------ Source information ------
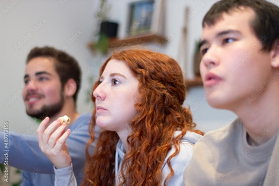 Multiethnic friends watching sports games on TV at home. Close-up shot of men and woman eating popcorn, supporting team, watching tense soccer match, spending time together. Entertainment concept
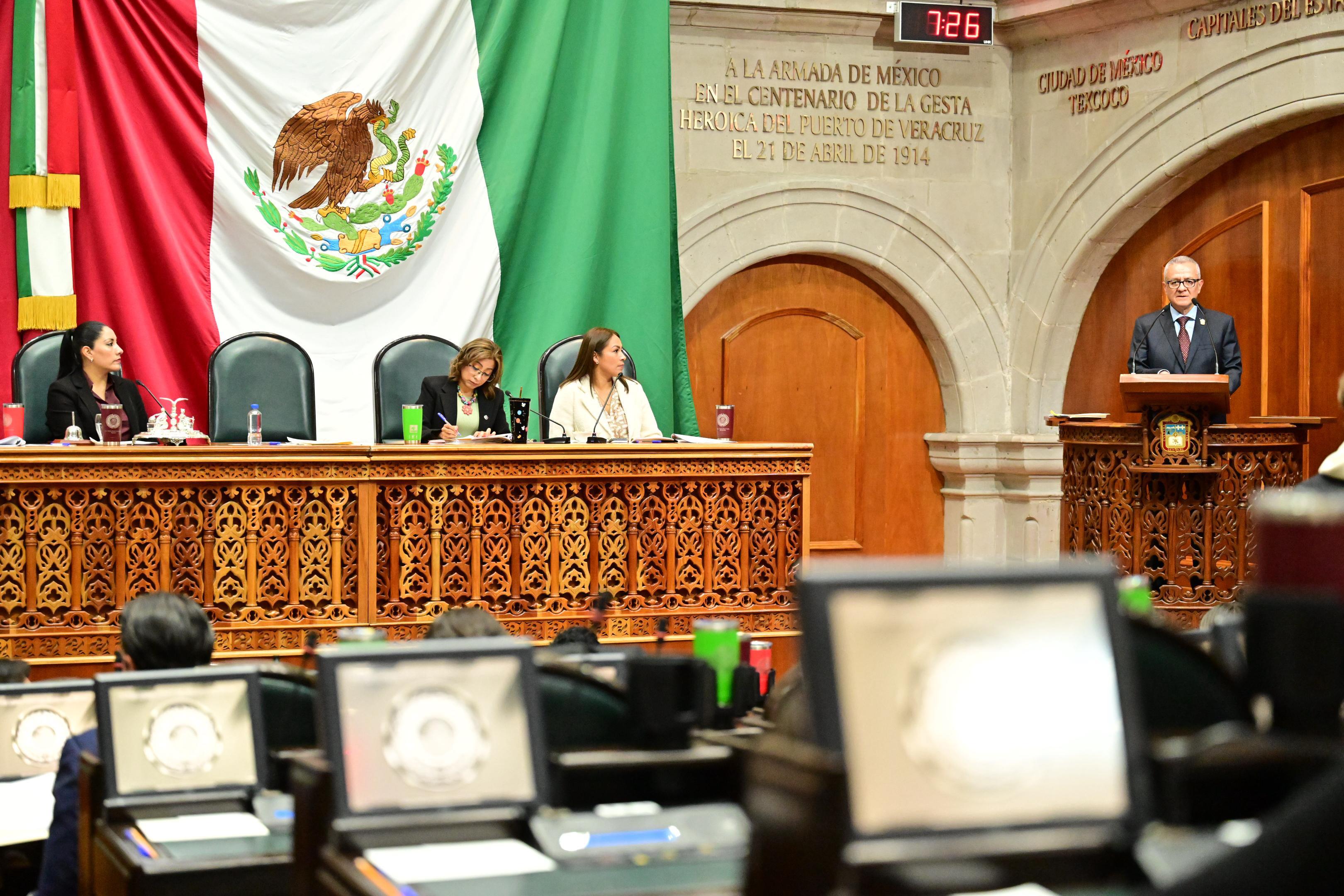“La administración de la Maestra Delfina Gómez Álvarez, ha asumido este problema como una auténtica y determinante política de estado, esta administración no va a evadir el problema, ni va a optar por simulaciones, vamos a actuar bajo tres principios rectores que son honestidad, justicia social y responsabilidad fiscal”, señaló Óscar Flores Jiménez, Secretario de Finanzas, durante comparecencia en la Legislatura local.
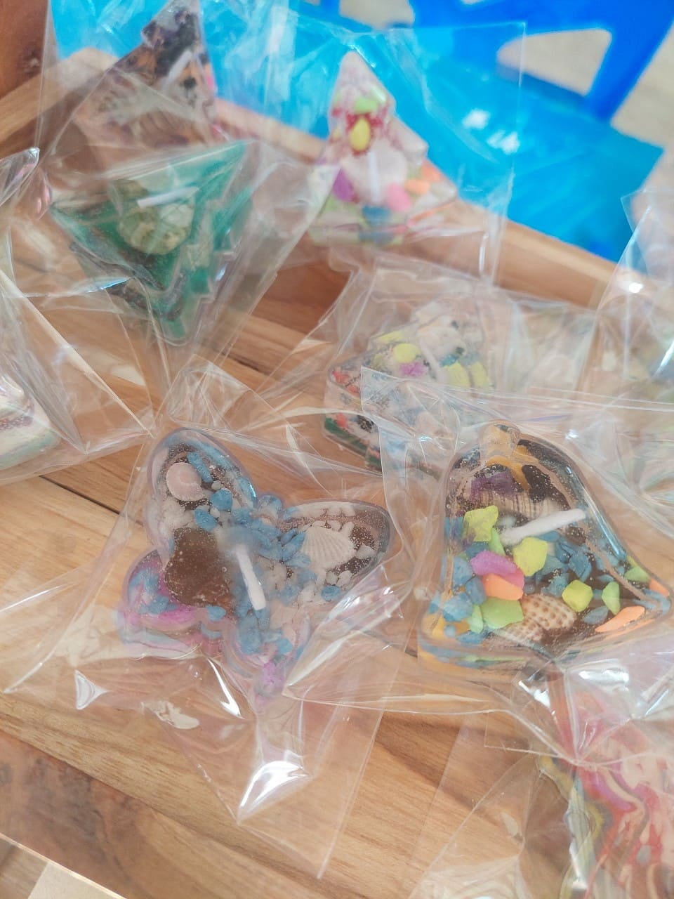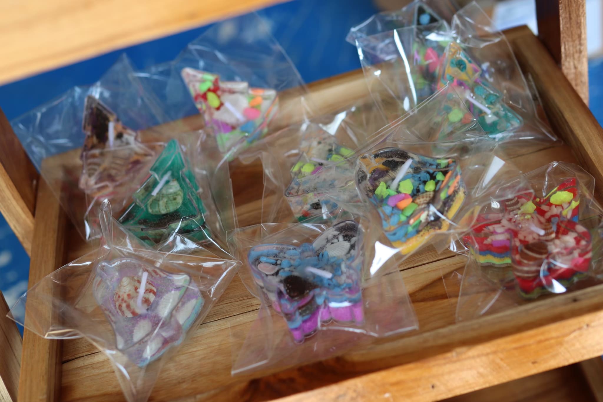 งานประดิษฐ์สุดสร้างสรรค์ ที่ใช้เจลใสเป็นสารตั้งต้น ละลายด้วยไฟอ่อน เติมสี น้ำหอม และตกแต่งด้วยของตกแต่งที่ไม่ติดไฟ เช่น ทรายสี เปลือกหอย หรือของจิ๋วต่างๆ
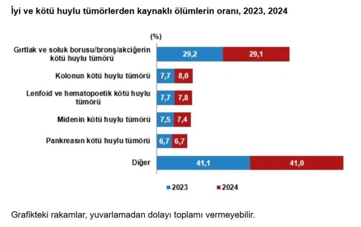 GIRTLAK VE AKCİĞER KAYNAKLI TÜMÖRLER İLK SIRADATümörden kaynaklı ölümlere en çok gırtlak ve soluk borusu/bronş/akciğer tümörü neden oldu.
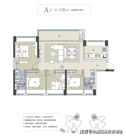 120㎡四房两卫户型:采用横厅设计,拥有一个11.4米的超大阳台,观景视野辽阔,且去除了竖厅必备的走廊,空间利用率更高。
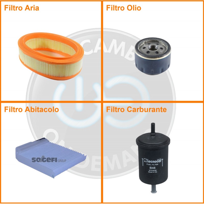 ComposizioneFiltro abitacolo, Filtro aria, Filtro benzina, Filtro olio
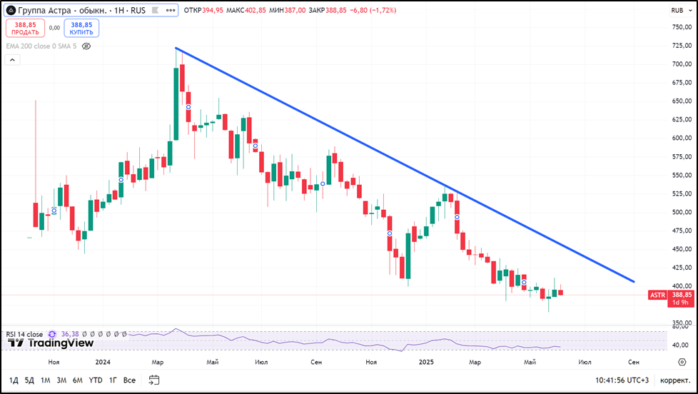 Нисходящий тренд длится более года. Падение с максимумов около 45%. А снижение с начала года составляет 17%. И на данный момент котировки ниже цен первого дня торгов после IPO. Но правда, само размещение проходило по цене 333₽.
------
What you have to do:
Which lines run from the one containing "ComposizioneFiltro abitacolo, Filtro" through the last line of the entries above? Output them exactly, both ends included, with no pictures.

Written reply:
 ComposizioneFiltro abitacolo, Filtro aria, Filtro benzina, Filtro olio
 Нисходящий тренд длится более года. Падение с максимумов около 45%. А снижение с начала года составляет 17%. И на данный момент котировки ниже цен первого дня торгов после IPO. Но правда, само размещение проходило по цене 333₽.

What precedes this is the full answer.